Inspecting the index revealed this:
000114a0: 2f47 616c 6c65 7279 0000 1000 0320 2860 /Gallery..... (`
000114b0: 1149 736f 6b61 7a65 0000 7600 1800 0000 .Isokaze..v.....
000114c0: b500 0900 0000 d202 3800 0000 0000 0000 ........8.......
000114d0: 0000 c501 2d00 1840 1749 7365 2f51 756f ....-..@.Ise/Quo
which appears to me to be a deduplicated index entry pointing to heap rows
(181,9) and (722,56).

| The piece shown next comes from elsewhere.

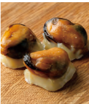
おつまみ燻製 燻製ムール貝チーズ添え

日本海を巡り物資と文化を運んだ北前船。小樽からも沢山の海の幸が運ばれました。そんな海の幸の旨味を凝縮した特製おつまみ燻製シリーズです。「燻製ムール貝チーズ添え」は、桜チップで燻製した香ばしいムール貝にチーズを添えました。

Inspecting the heap showed that both of those ctids
are just pointer entries, to (181,53) and (722,3) respectively, which
explains the 2 row result. What I don't know is how this could have happened
in the first place.
The definition of the affected index is:
CREATE INDEX page_main_title ON mediawiki.page USING btree (page_title
text_pattern_ops) WHERE (page_namespace = 0);
The real entries for 'Ying_Swei' in the index are not in the same page or
even any nearby page, and it seems unlikely that the page_title was
updated.
The original reporter (who I will CC on a followup message) still has a
snapshot of the corrupt data. (A REINDEX naturally fixed the data).